[Records contained in a dataset]
--------------------------------------------------

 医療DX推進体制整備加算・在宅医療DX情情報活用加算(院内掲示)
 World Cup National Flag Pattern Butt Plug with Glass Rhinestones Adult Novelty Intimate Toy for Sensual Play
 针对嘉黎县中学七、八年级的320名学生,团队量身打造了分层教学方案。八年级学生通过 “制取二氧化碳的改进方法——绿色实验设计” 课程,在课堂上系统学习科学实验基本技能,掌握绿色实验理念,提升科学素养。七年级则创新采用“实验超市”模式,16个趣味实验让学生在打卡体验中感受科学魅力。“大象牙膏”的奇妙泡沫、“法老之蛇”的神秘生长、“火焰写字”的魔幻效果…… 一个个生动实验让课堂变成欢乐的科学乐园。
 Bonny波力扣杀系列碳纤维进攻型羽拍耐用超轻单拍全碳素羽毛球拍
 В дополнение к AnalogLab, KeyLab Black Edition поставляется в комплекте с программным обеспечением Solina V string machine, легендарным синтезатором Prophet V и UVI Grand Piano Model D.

--------------------------------------------------

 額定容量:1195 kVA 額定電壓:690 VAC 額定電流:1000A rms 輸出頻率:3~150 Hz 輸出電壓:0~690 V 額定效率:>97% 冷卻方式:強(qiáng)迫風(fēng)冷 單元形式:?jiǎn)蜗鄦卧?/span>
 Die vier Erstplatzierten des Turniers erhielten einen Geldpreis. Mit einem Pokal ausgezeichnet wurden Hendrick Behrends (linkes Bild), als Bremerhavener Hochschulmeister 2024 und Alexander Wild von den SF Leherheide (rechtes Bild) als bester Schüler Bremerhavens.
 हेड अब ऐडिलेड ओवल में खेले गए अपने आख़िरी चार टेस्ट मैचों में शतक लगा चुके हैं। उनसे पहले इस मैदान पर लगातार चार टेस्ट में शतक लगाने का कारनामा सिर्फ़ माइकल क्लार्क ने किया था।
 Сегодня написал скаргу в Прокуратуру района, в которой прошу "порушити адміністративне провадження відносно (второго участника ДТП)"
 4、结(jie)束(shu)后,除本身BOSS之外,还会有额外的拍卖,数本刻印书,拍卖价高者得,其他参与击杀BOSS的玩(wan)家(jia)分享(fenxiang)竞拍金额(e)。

--------------------------------------------------

Instructions to follow:
Please reproduce the lines from the line with "Сегодня написал скаргу" to the line with "4、结(jie)束(shu)", both ends included, exactly as they appear above.

Response below:
 Сегодня написал скаргу в Прокуратуру района, в которой прошу "порушити адміністративне провадження відносно (второго участника ДТП)"
 4、结(jie)束(shu)后,除本身BOSS之外,还会有额外的拍卖,数本刻印书,拍卖价高者得,其他参与击杀BOSS的玩(wan)家(jia)分享(fenxiang)竞拍金额(e)。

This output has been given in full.